The statistical analysis in this study is somewhat limited, with no inter-rater reliability reported for assessing the model's descriptions, which is critical when the assessment is subjective. Furthermore, no comparative statistical tests (e.g., t-test or ANOVA [analysis of variance]) were used to compare the two test conditions (with or without context), and no significance level (p-value) or confidence interval analysis was performed, precluding any academically significant conclusions on whether contextual environments truly improve model performance.
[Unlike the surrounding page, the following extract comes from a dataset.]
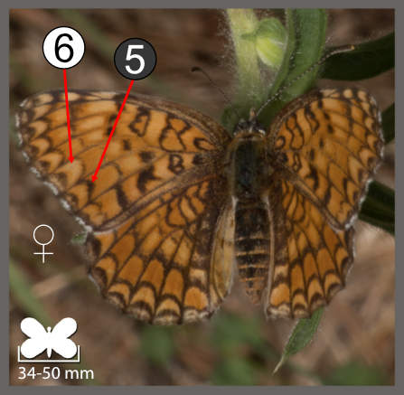 Détails déterminants chez la Mélitée des Centaurées (Melitaea phoebe) femelle en vue dorsale.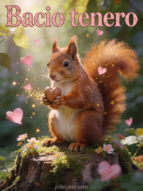 Condividi un dolce bacio tenero con questo biglietto gratis con uno scoiattolo fotorealistico, fiori di primavera e luce dorata soffusa. Scopri anche tenerezza cuore baci buona notte, immagine baci teneri o teneri baci d amore.

A major limitation of the AI (artificial intelligence) model, as reflected in the results, is its very low ability to understand visual data, especially when asked in the form of “Identify the structure where the arrow is pointing” is a task that requires direct image processing, and natural language processing (NLP) models like ChatGPT are not truly designed for image reading. Although they can properly identify all modalities, this demonstrates that the model is effective at evaluating surrounding text or queries, but it lacks the fundamental capacity to evaluate images, which is at the heart of radiology.
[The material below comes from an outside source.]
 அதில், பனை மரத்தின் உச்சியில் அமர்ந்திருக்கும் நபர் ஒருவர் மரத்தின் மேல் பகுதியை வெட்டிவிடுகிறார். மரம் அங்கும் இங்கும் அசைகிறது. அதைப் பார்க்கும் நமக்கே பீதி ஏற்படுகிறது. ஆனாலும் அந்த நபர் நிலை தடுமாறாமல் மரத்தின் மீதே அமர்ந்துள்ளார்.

The question that should be asked is: If a language model like ChatGPT cannot directly perform clinical picture tasks, what role should AI play in the radiology profession? Should AI be used as an additional linguistic tool, such as when writing reports, or should it be integrated with computer vision models to develop hybrid systems in the future? In the next step, we should investigate the collaboration of NLP models with image-based models, such as multi-modal models like CLIP or GPT-4V, which can analyze both text and images. Furthermore, comparisons with groups of doctors or interns will aid in determining AI's genuine capabilities and may serve as a foundation for effectively using AI in specialized medical education.
#
Conflict of interest
None declared.
Data Availability Statement
The data that support the findings of this study are available from the corresponding author, H.D., upon reasonable request.
Declaration of Generative AI
The authors use language editing computational tool in preparation of the article.
Authors' Contributions
H.D.: 50% ideas, writing, analyzing, and approval.
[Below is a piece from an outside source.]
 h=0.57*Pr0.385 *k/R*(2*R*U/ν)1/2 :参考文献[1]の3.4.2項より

V.W.: 50% ideas, supervision, and approval.
-
Reference
- 1 Sarangi PK, Datta S, Panda BB, Panda S, Mondal H. Evaluating ChatGPT-4's performance in identifying radiological anatomy in FRCR Part 1 examination questions. Indian J Radiol Imaging 2024; 35 (02) 287-294
Address for correspondence
Publikationsverlauf
Artikel online veröffentlicht:
13. Juni 2025
© 2025. Indian Radiological Association. This is an open access article published by Thieme under the terms of the Creative Commons Attribution-NonDerivative-NonCommercial License, permitting copying and reproduction so long as the original work is given appropriate credit. Contents may not be used for commercial purposes, or adapted, remixed, transformed or built upon. (https://creativecommons.org/licenses/by-nc-nd/4.0/)
Thieme Medical and Scientific Publishers Pvt. Ltd.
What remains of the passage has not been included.